McKenna S J, Hall H D
Oral and Maxillofacial Surgery, Vanderbilt University, School of Medicine, Nashville.
J Craniomandib Disord. 1990 Spring;4(2):109-12.
Thirteen patients with proven internal derangements of 16 temporomandibular joints were scheduled for arthrotomy. The patients' perception of otologic symptoms were recorded before surgery, and hearing was evaluated audiometrically both before and after surgery.

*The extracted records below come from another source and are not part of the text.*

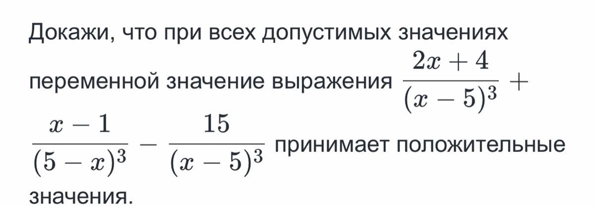 Доказать, что при всех допустимых значениях переменной значение выражения принимает положительные значения невозможно, так как на промежутке значений переменной от 5 до 10, выражение принимает отрицательные значения, к примеру, при значении x=6:
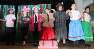 Our performers did very well getting use to the mics and keeping in time to the music as Mr Corkey guided them on piano with Jude (S6) on drums. With many lines to remember along with numerous songs, there was a lot to learn. The acting was entertaining and wonderfully portrayed with a real sense of tension rising as the wolf huffed, puffed, and blew the houses down.
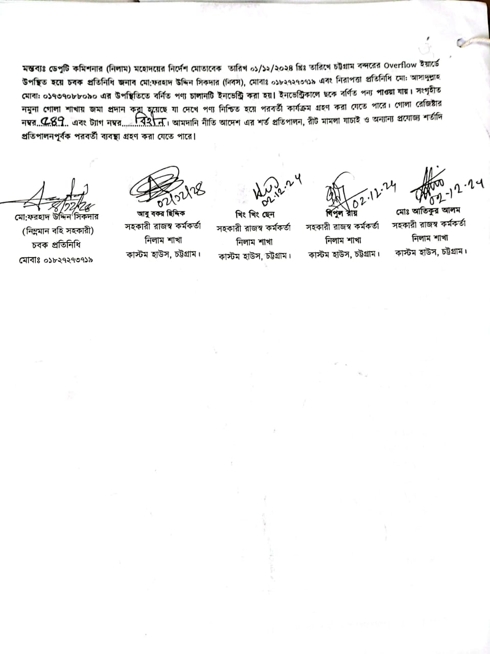 Terms & condition : নিলাম বিজ্ঞপ্তিতে উল্লিখিত সময়ের মধ্যে সেখানে সে অবস্থায় আছে, সে অবস্থায় সরেজমিন পণ্য পরিদর্শন করে নিলামে অংশগ্রহণ করার জন্য আগ্রহী নিলাম ক্রেতাগণকে অনুরোধ করা যাচ্ছে। দরপত্র উন্মুক্ত করার পর নিলামে অংশগ্রহণকারী/বিডার কর্তৃক পণ্য সংক্রান্ত কোন আপত্তি/আবেদন গ্রহণযোগ্য হবে না। আমদানি নীতি আদেশ ২০২১-২০২৪, বিদ্যমান অন্যান্য আইন ও বিধি-বিধানের প্রযোজ্য সকল শর্ত যথাযথ পরিপালনপূর্বক, প্রযোজ্য ক্ষেত্রে রাসায়নিক পরীক্ষার মাধ্যমে নিলামে বিক্রয়যোগ্য পণ্যের সঠিকতা যাচাই ও ব্যবহার উপযোগিতা থাকা সাপেক্ষে এবং খালাসকালে পণ্যের বর্ণনা এবং ওজন নিশ্চিত করে পণ্য ছাড়যোগ্য হবে। কোনরূপ কারণ দর্শানো ব্যতিরেকে কর্তৃপক্ষ যে কোন সময় ও পর্যায়ে যে কোন লট বা সকল লটের নিলাম আংশিক বা সম্পূর্ণ স্থগিত বা বাতিল করার অধিকার সংরক্ষণ করেন।

There was no significant correlation between otologic symptoms and ipsilateral painful internal derangement of the temporomandibular joint. Perceived hearing loss was substantiated in only about half of the instances. Further, only about half of the ears with measured hearing loss (sensorineural) were associated with a painful internal derangement. Arthrotomy did not change any of the audiograms.
13例经证实有16个颞下颌关节内紊乱的患者被安排接受关节切开术。在手术前记录患者的耳科症状感知情况,并在手术前后通过听力测定评估听力。耳科症状与同侧颞下颌关节疼痛性内紊乱之间无显著相关性。仅约一半的病例证实有感知性听力损失。此外,在有测量听力损失(感音神经性)的耳朵中,仅约一半与疼痛性内紊乱有关。关节切开术未改变任何听力图。